Allí, en lo más bajo del cono de La Mojana, 120 personas se dedican a lo mismo. A pescar. Los hombres lanzan firmes la atarraya mientras las mujeres bogan la canoa; todos han aprendido a construir sus casas sobre levantados de tierra, metidas entre los árboles de la orilla del caño para que no las arranquen los vendavales bravos de mitad de año.
El agua corre lento en este caño de historia, como la vida de los habitantes de este caserío que han aprendido a recibir por igual la inundación y la sequía. Sin embargo, ese equilibrio anfibio y la habilidad para habitar la transición entre agua y tierra, viven hoy tensiones extremas.
Sectores como el ganadero rechazan el concepto, una tensión que se desbordó tras la ruptura del río Cauca en Caregato, que anegó sus fincas y trastocó los ciclos de la margen izquierda en poblaciones como Galindo y Cuiva. Esta última se desmorona viendo cómo la erosión devora sus calles y cómo el agua, que antes era una visita estacional, se ha convertido en un habitante que demora hasta ocho meses en irse.
Ante esta crisis, se empezó a avivar la discusión de las reubicaciones en la región, sobre todo cuando el presidente Petro, en una visita a La Mojana el 25 de agosto de 2022, sentenció: “Hay que reubicar poblaciones”.
Es la misma historia, el mismo dilema, una crisis que se agrava con el cambio climático. La inundación prolongada ahora afecta el cuerpo de Reginaldo, pero la sequía lo deja sin sustento. Mientras vara la canoa en la orilla, le pregunto:
—Si te ofrecen otra vez una casa en un sitio seco, ¿tú la tomarías?
—Acá yo tengo la manera de conseguir para comer, ¿entiendes? Y allá no sé de qué manera me la pueda ganar.
Le sigo preguntando: — ¿Te sientes mejor andando en el agua que en la tierra?
—En el agua me defiendo más. Para mí lo más duro es el verano, porque quedo como el cangrejo, que camino es poquito. Con el agua se sufre, pero me va más bien en el sistema porque siempre recibo el chivito para el sustento.
Reginaldo usa la figura del cangrejo para describir su torpeza en lo seco, sin reparar en que el animal corre rápido tanto en tierra como en el agua. Pero la metáfora define bien su vida anfibia: él ha fabricado su propia concha contra la corriente. Es el único habitante del pueblo que vive en una casa palafítica construida por él mismo.

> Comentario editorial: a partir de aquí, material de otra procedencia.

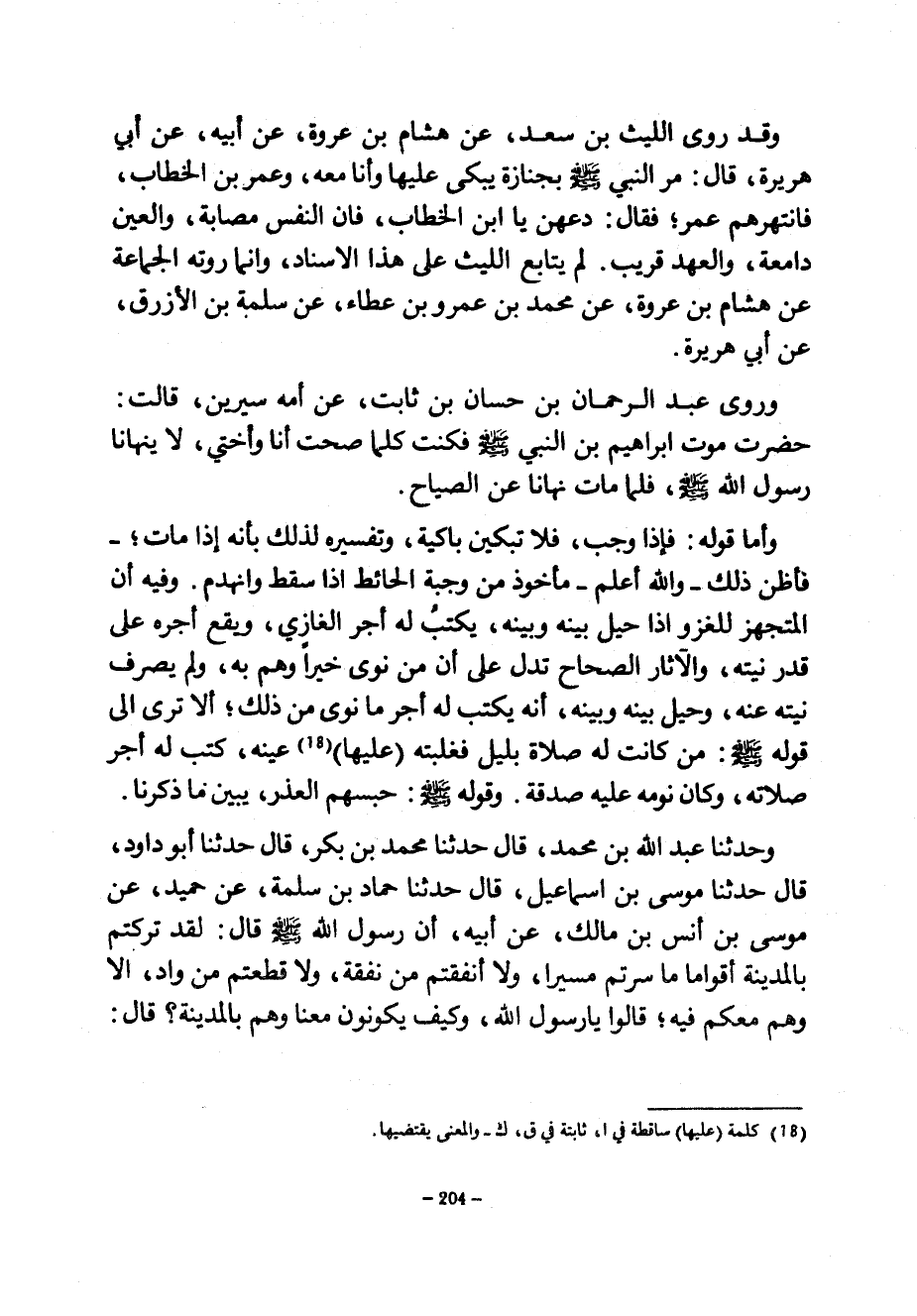 وَقَدْ رَوَى اللَّيْثُ بْنُ سَعْدٍ عَنْ هِشَامِ بْنِ عُرْوَةَ عَنْ أَبِيهِ عَنْ أَبِي هُرَيْرَةَ قَالَ مَرَّ النَّبِيُّ صَلَّى اللَّهُ عَلَيْهِ وَسَلَّمَ بِجِنَازَةٍ يُبْكَى عَلَيْهَا وَأَنَا مَعَهُ وَعُمَرُ بْنُ الْخَطَّابِ فَانْتَهَرَهُمْ عُمَرُ فَقَالَ دَعْهُنَّ يَا ابْنَ الخطاب فإن النفس مصابة والعين دَامِعَةً وَالْعَهْدَ قَرِيبٌ لَمْ يُتَابَعِ اللَّيْثُ عَلَى هَذَا الْإِسْنَادِ وَإِنَّمَا رَوَتْهُ الْجَمَاعَةُ عَنْ هِشَامِ بْنِ عُرْوَةَ عَنْ مُحَمَّدِ بْنِ عَمْرِو بْنِ عَطَاءٍ عَنِ سَلَمَةَ بْنِ الْأَزْرَقِ عَنْ أَبِي هريرة وروى عبد الرحمان بْنُ حَسَّانَ بْنِ ثَابِتٍ عَنْ أُمِّهِ سِيرِينَ قالت حضرت موت إِبْرَاهِيمَ بْنِ النَّبِيِّ صَلَّى اللَّهُ عَلَيْهِ وَسَلَّمَ فَكُنْتُ كُلَّمَا صِحْتُ أَنَا وَأُخْتِي لَا يَنْهَانَا رَسُولُ اللَّهِ صَلَّى اللَّهُ عَلَيْهِ وَسَلَّمَ فَلَمَّا مَاتَ نَهَانَا عن الصياح وأما قوله فإذا وجب فلاتبكين باكية وتفسير لِذَلِكَ بِأَنَّهُ إِذَا مَاتَ فَأَظُنُّ ذَلِكَ وَاللَّهُ أَعْلَمُ مَأْخُوذٌ مِنْ وَجْبَةِ الْحَائِطِ إِذَا سَقَطَ وَانْهَدَمَ وَفِيهِ أَنَّ الْمُتَجَهِّزَ لِلْغَزْوِ إِذَا حِيلَ بَيْنَهُ وَبَيْنَهُ يُكْتَبُ لَهُ أَجْرُ الْغَازِي وَيَقَعُ أَجْرُهُ عَلَى قَدْرِ نِيَّتِهِ وَالْآثَارُ الصِّحَاحُ تَدُلُّ عَلَى أَنَّ مَنْ نَوَى خَيْرًا وَهَمَّ بِهِ وَلَمْ يَصْرِفْ نِيَّتَهُ عَنْهُ وَحِيلَ بَيْنَهُ وَبَيْنَهُ أَنَّهُ يُكْتَبُ لَهُ أَجْرُ مَا نَوَى مِنْ ذلك أَلَا تَرَى إِلَى قَوْلِهِ صَلَّى اللَّهُ عَلَيْهِ وَسَلَّمَ مَنْ كَانَتْ لَهُ صَلَاةٌ بِلَيْلٍ فَغَلَبَتْهُ (عَلَيْهَا) عَيْنُهُ كُتِبَ لَهُ أَجَرَ صَلَاتِهِ وَكَانَ نَوْمُهُ عَلَيْهِ صَدَقَةً وَقَوْلِهِ صَلَّى اللَّهُ عَلَيْهِ وَسَلَّمَ حَبَسَهُمُ الْعُذْرُ يُبَيِّنُ مَا ذَكَرْنَا وَحَدَّثَنَا عَبْدُ اللَّهِ بْنُ مُحَمَّدٍ قَالَ حَدَّثَنَا مُحَمَّدُ بْنُ بَكْرٍ قَالَ حَدَّثَنَا أَبُو دَاوُدَ قَالَ حَدَّثَنَا مُوسَى بْنُ إِسْمَاعِيلَ قَالَ حَدَّثَنَا حَمَّادُ بْنُ سَلَمَةَ عَنْ حُمَيْدٍ عَنْ مُوسَى بْنِ أَنَسِ بْنِ مَالِكٍ عَنْ أَبِيهِ أَنَّ رَسُولَ اللَّهِ صَلَّى اللَّهُ عَلَيْهِ وَسَلَّمَ قَالَ لَقَدْ تَرَكْتُمْ بِالْمَدِينَةِ أَقْوَامًا مَا سِرْتُمْ مَسِيرًا وَلَا أَنْفَقْتُمْ مِنْ نَفَقَةٍ وَلَا قَطَعْتُمْ مِنْ وَادٍ إِلَّا وَهُمْ مَعَكُمْ فِيهِ قَالُوا يَا رسول الله وكيف يكونون معنا وَهُمْ بِالْمَدِينَةِ قَالَ

Grita “¡Ajá compa!”, saludando a su amigo Orlando, que boga por la otra orilla del caño, otro anfibio que ha andado la seca y la meca pescando en estas aguas morenas. Después suelta un comentario que refleja el ritmo del agua que marca su vida:
—Cuando el invierno es grande, me pesa, porque como paso embarcado en el tambo, no me atrevo a pararme con las muletas, entonces paso asentado, tullido. —Y agrega—: Y el verano me pesa en el sistema, porque no hallo cómo rebuscarme; se seca el agua, se me aleja y ya no puedo llegar hasta allá. Pero por lo demás, estoy más bien porque ando caminando de aquí para allá y otra vez cojo mi movimiento de siempre.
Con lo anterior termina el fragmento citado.